##### Information shown #####

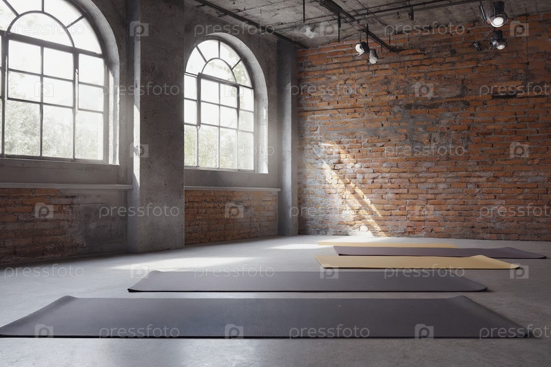 AI Generative Fitness тренажерный зал интерьер, ковры для йоги и спортивное оборудование, лежащий на полу
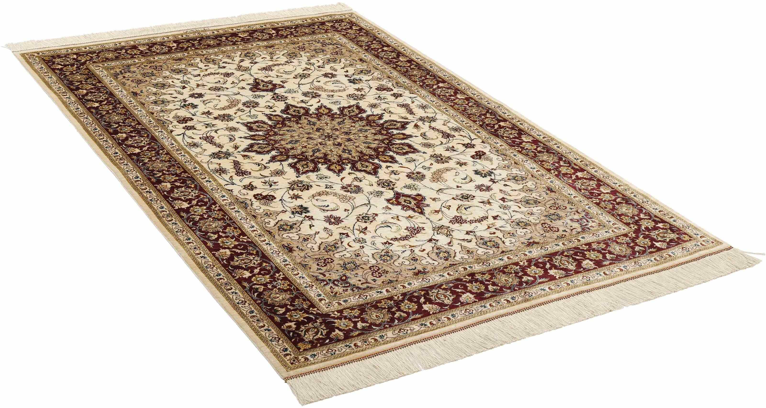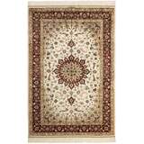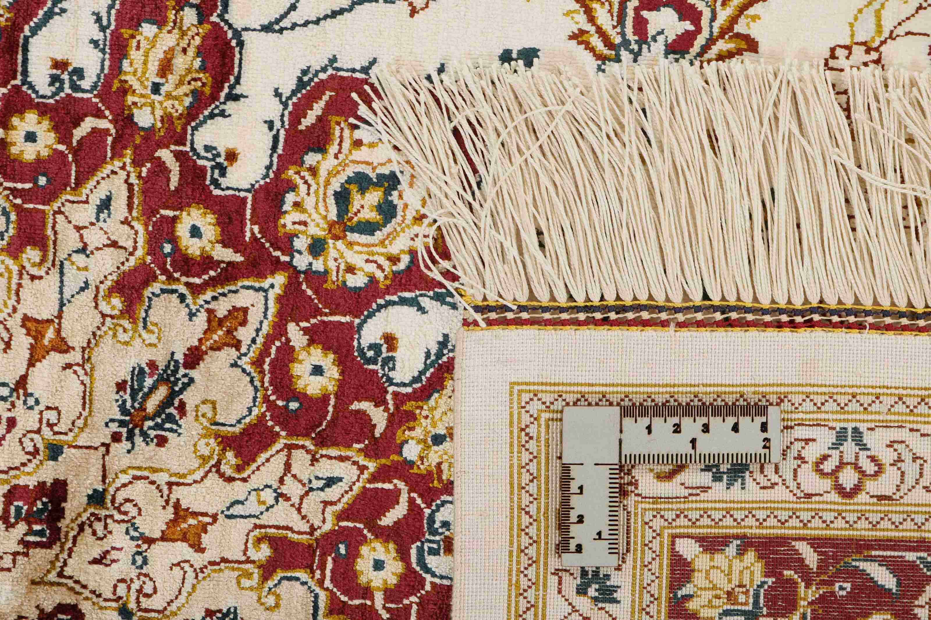 Ghom, ville d'un demi-million d'habitants, se trouve au sud de Téhéran, sur la route menant à la province de Markazi (centre). L'industrie du tapis de la ville ne s'est développée qu'après 1930, mais elle a acquis une bonne réputation. Comme il n'existe aucune tradition ou précédent sur lequel s'appuyer, les tisserands puisent leurs motifs dans différentes sources, d'où ils les transfèrent et les combinent. Certains motifs sont entièrement copiés et il n'est pas rare de voir des copies de tapis Joshqan ou Sirjan fabriquées à Ghom, mais elles sont beaucoup plus fines que les originales et réalisées avec un velours de soie. En outre, plusieurs variantes de médaillons et de motifs uniformes sont réalisées. Le velours est soit en soie avec chaîne et trame de soie, soit en laine, ou en laine mélangée à de la soie, avec une base en coton. Le nouage est généralement fin. Une large gamme de couleurs est utilisée, parfois dans des combinaisons qui semblent étranges aux Occidentaux. Un rose et un vert puissants sont particulièrement caractéristiques des tapis de soie.
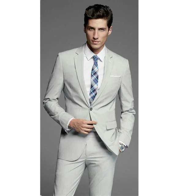 Красивый тонкий светильник серый мужские костюмы смокинг жениха пользовательские лацканы деловые случайные костюмы (куртка + брюки)

#####

The result should be an exact copy of the material, containing no pictures.

:: Answer for the task ::
 AI Generative Fitness тренажерный зал интерьер, ковры для йоги и спортивное оборудование, лежащий на полу
 Ghom, ville d'un demi-million d'habitants, se trouve au sud de Téhéran, sur la route menant à la province de Markazi (centre). L'industrie du tapis de la ville ne s'est développée qu'après 1930, mais elle a acquis une bonne réputation. Comme il n'existe aucune tradition ou précédent sur lequel s'appuyer, les tisserands puisent leurs motifs dans différentes sources, d'où ils les transfèrent et les combinent. Certains motifs sont entièrement copiés et il n'est pas rare de voir des copies de tapis Joshqan ou Sirjan fabriquées à Ghom, mais elles sont beaucoup plus fines que les originales et réalisées avec un velours de soie. En outre, plusieurs variantes de médaillons et de motifs uniformes sont réalisées. Le velours est soit en soie avec chaîne et trame de soie, soit en laine, ou en laine mélangée à de la soie, avec une base en coton. Le nouage est généralement fin. Une large gamme de couleurs est utilisée, parfois dans des combinaisons qui semblent étranges aux Occidentaux. Un rose et un vert puissants sont particulièrement caractéristiques des tapis de soie.
 Красивый тонкий светильник серый мужские костюмы смокинг жениха пользовательские лацканы деловые случайные костюмы (куртка + брюки)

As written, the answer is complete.